Yoga, Fitness & Health in League City & Houston
My name is Dr. Lola Scarborough (Ph.D), and I am a 500-Hour Certified Yoga Teacher, Nutrition Coach, Life Coach, and Healer. I also hold a degree in Ayurveda. I’ve been practicing and teaching yoga for over 24 years and have over 26,000 hours of leading classes of all kinds in yoga, including Kundalini, Hatha, Yin, and Vinyasa and work with clients in all areas related to health. My husband, Kevin Post, is a 200-Hour Certified Yoga Teacher who has taught yoga for the past 14 years. We are both so passionate about this technology and what it does to improve our health and our lives and the health and lives of our students.
Yoga is not exercise; it has many parts to what it is that creates an entire integrated system. In the West, it is used mostly as exercise, which is only the tiniest, and least important (although vital) part of the technology. It is also most definitely NOT a religion. So, what it then? Yoga is a lifestyle whose purpose is to lead the participant into a greater awareness of who and what they are, awakening a person so that they can lead a fully informed life.
The primary parts of yoga include:
* Asana (body postures/exercise that strengthen the body and nervous system)
* Pranayama (breathing techniques to cleanse the blood and the mind)
* Meditation (stilling the body and the mind)
* Right Diet and Lifestyle (food and practices that support a healthy body and balanced, serene mind)
What is Asana?
The word Asana means “seat or posture”. Asana is the part of yoga that Westerners are most familiar with and have practiced the most. They are bodily postures performed to gain strength, flexibility, and endurance. The original intention of asana was to build the required stamina a yogi needed to sit in meditation for long periods of time. However, in the West, asana is mainly used as exercise for its own sake.
How Yoga Postures Benefit You
The movements benefit the body and the brain by increasing muscle tone and strength and by helping create a steady the nervous system. It takes us out of our heads and into our bodies. Asana increases circulation, moves the lymph, and improves the clarity of the mind. It also releases stress and calms the mind.
Interesting Fact About Yogis
In the East, yogis use asana simply as a means to an end, and that end is to have the strength and endurance required for intense focus and steadiness in order to achieve a higher consciousness through meditation. Yogis have been known to sit in meditation for years on end. Wow!
What is Pranayama or Breathing Exercises?
In short, it is control of the breath. In pranayama, the breath is deliberately inhaled, retained, exhaled, and held out. It is the very opposite of automatic breathing, which is what most people do most – if not all – of the time. We can live for weeks without food. Days without water. Minutes without breath. In six short minutes, the brain begins to die without oxygen.
Inhaling is the first thing we do when we exit the womb and exhaling is the final act we perform before the curtain on our life closes. Breathing is the connection to life, more than any other bodily function. In yogic thought, it is also our connection to Spirit itself.
Slow deep breathing can be self-taught and practiced any time. It is safe to practice and brings great healing benefits.
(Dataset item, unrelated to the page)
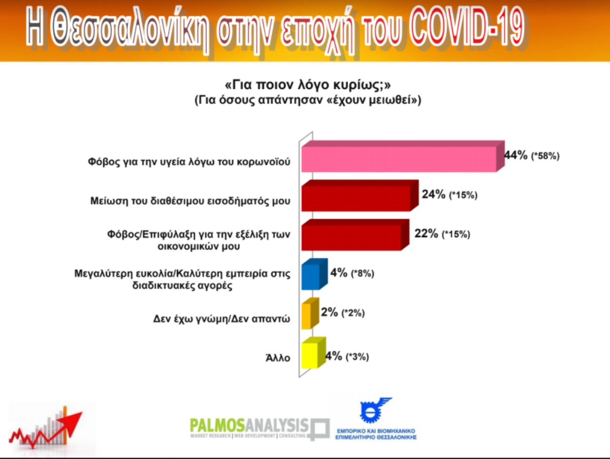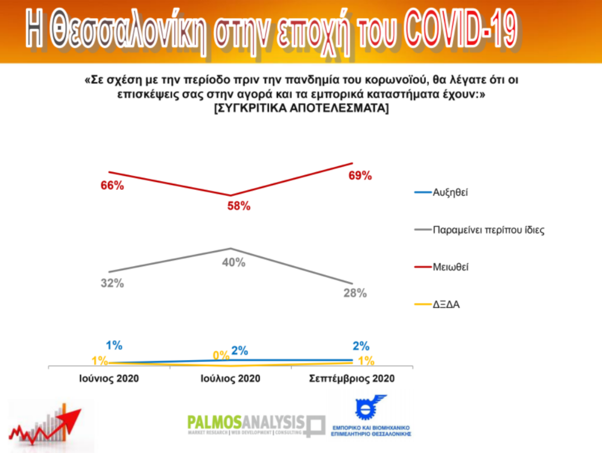 Σχεδόν 7 στους 10 ερωτηθέντες (69%) δηλώνουν ότι έχουν μειώσει τις επισκέψεις τους στην αγορά και τα εμπορικά καταστήματα σε σχέση με την χρονική περίοδο πριν την πανδημία του κορονοϊού. Το ποσοστό αυτό είναι το υψηλότερο που έχει καταγραφεί στις κυλιόμενες έρευνες του ΕΒΕΘ για τις συνέπειες από την πανδημία του κορoνοϊού και αντικατοπτρίζει τα αρνητικά αποτελέσματα που καταγράφονται στις προσδοκίες καταναλωτών και επιχειρήσεων του «Βαρόμετρου ΕΒΕΘ».

However, many breathing techniques directly affect the nervous system and brain function in very powerful ways and should only be practiced under the guidance of a trained teacher.
How It Works
How many times have we said, or heard someone say, “Just give me a minute to catch my breath!”? When we are stressed out, freaked out, excited or scared, our breath pattern changes. We unknowingly hold our breath or our breathing pattern picks up and we feel like we can’t catch our breath. The breath is directly connected into our nervous system – so, once we learn how to alter the rate of our breathing, we can alter how the nervous system is behaving. This gives us so much more control over how we feel, which directly affects the choices we make.
In yoga it is said that as we slide out of the womb, God kisses us with a certain number of breaths that are ours. The number is different for each of us. Each time we breathe, we reduce that number by one, until eventually we reach zero and we die. If we follow that line of thought, then, by learning how to practice slow deep breathing, wherein we slow the breath down and thus take fewer breaths, we extend our lives.
Because the breath affects the nervous system, we are either calmer from our breathing or more excited by it based on its rate. Long deep breathing brings more oxygen into our blood, produces a calmer state of mind, settles the nerves, gives us greater control over our reactions and moods, and makes us nicer people to be around because we begin to act instead of reacting to events. Long deep breathing also has a positive impact on the immune system, thereby helping us fight off disease.